Essa mudança também reduziu a resistência das famílias em receber um profissional dentro de casa. Para Jéssica, o tema passou a ser tratado com mais naturalidade. “Essa conscientização faz com que as famílias abram as portas com mais tranquilidade para que os cuidadores possam entrar”, afirma.
Outro comportamento em transformação é o momento da contratação. Se antes a busca por ajuda costumava acontecer no limite, diante de uma queda, internação ou agravamento de saúde, agora parte das famílias começa a se antecipar. De acordo com a executiva, já há pessoas de 40 e 45 anos interessadas em entender como se preparar para o futuro e garantir esse tipo de suporte quando necessário.
A trajetória de Jéssica no setor começou ainda na infância, quando precisou ajudar no cuidado do próprio pai, que enfrentava comorbidades. “Eu criei um caderno, que era o diário da cuidadora, onde anotava tudo que acontecia com ele”, conta. A prática, que na época era informal, hoje se aproxima dos protocolos de acompanhamento adotados por empresas especializadas.
A experiência também ajudou a revelar uma lacuna recorrente no mercado: a falta de preparo técnico. Como fisioterapeuta, Jéssica afirma ter acompanhado casos em que o cuidado era realizado sem critérios adequados, o que impactava diretamente a qualidade de vida dos assistidos. A partir dessa percepção, a qualificação dos profissionais passou a ser um dos pilares do modelo de atuação da Acuidar.
Segundo a CEO, a seleção de cuidadores envolve análise de currículo, checagem de referências, verificação de antecedentes, provas teóricas e práticas, além de avaliação comportamental. “O cuidador precisa estar preparado tecnicamente, mas também precisa saber lidar com a rotina da família e com as necessidades emocionais do assistido”, afirma.
A compatibilidade entre cuidador e paciente também ganhou importância. O atendimento passou a considerar características individuais, perfil comportamental, tipo de demanda, rotina da casa e nível de dependência de quem será assistido. Para manter a padronização, empresas do setor têm apostado em visitas de supervisão, avaliações periódicas e critérios de desempenho.
Esse avanço acompanha a expansão de um mercado em ritmo acelerado. Fundada em 2016, a Acuidar se consolidou como uma das principais redes do segmento e ocupa hoje a posição de maior franquia de cuidadores da América Latina. A empresa ultrapassa 320 unidades em operação e registra mais de 3,7 milhões de assistências realizadas.
Em 2025, a rede faturou mais de R$ 243 milhões, crescimento de 34% em relação ao ano anterior.
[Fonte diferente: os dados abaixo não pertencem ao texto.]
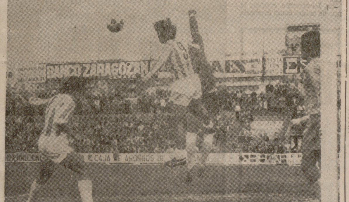
Alvarez y Tirone disputan un balón alto que acabaría despejando el meta iscarriense.

Alineaciones: G. E. Fasa: Barre; Espinilla,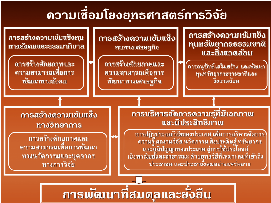
ภาพที่ 3 ความเชื่อมโยงยุทธศาสตร์การวิจัยของชาติสู่เป้าหมายการพัฒนาที่สมดุลและยั่งยืน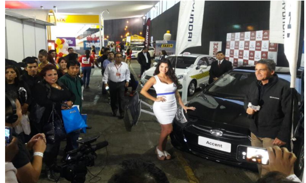
HYUNDAI – Expo Taxi 2017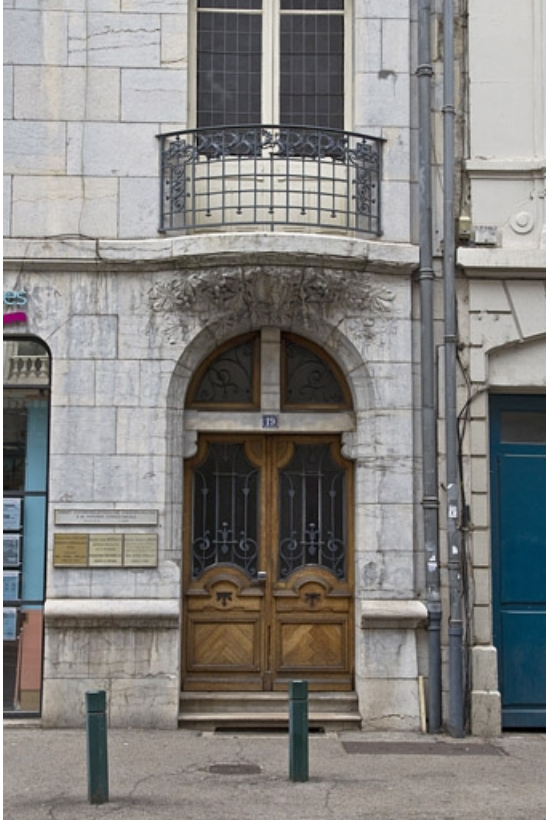
Vue de la porte d'entrée rue de la république.

25, Besançon, 19 rue de la République, lieudit : îlot Pierre Bayle

Para a empresa, o resultado reflete a combinação entre maior demanda por cuidado profissional, suporte aos franqueados, qualificação da mão de obra e uso de tecnologia para organizar a operação.
A próxima etapa envolve expansão nacional e internacional. A Acuidar projeta chegar a 400 unidades e iniciar a operação fora do Brasil por Portugal. A rede também prepara o lançamento de um e-commerce próprio, pelo qual clientes poderão contratar diárias, adquirir planos e solicitar orçamentos de forma digital.
Mais do que uma resposta ao envelhecimento da população, o crescimento do setor indica uma mudança cultural. O cuidado profissional deixa de ser visto como exceção e passa a integrar o planejamento das famílias, em um mercado que combina demanda social, profissionalização e novas oportunidades de negócio.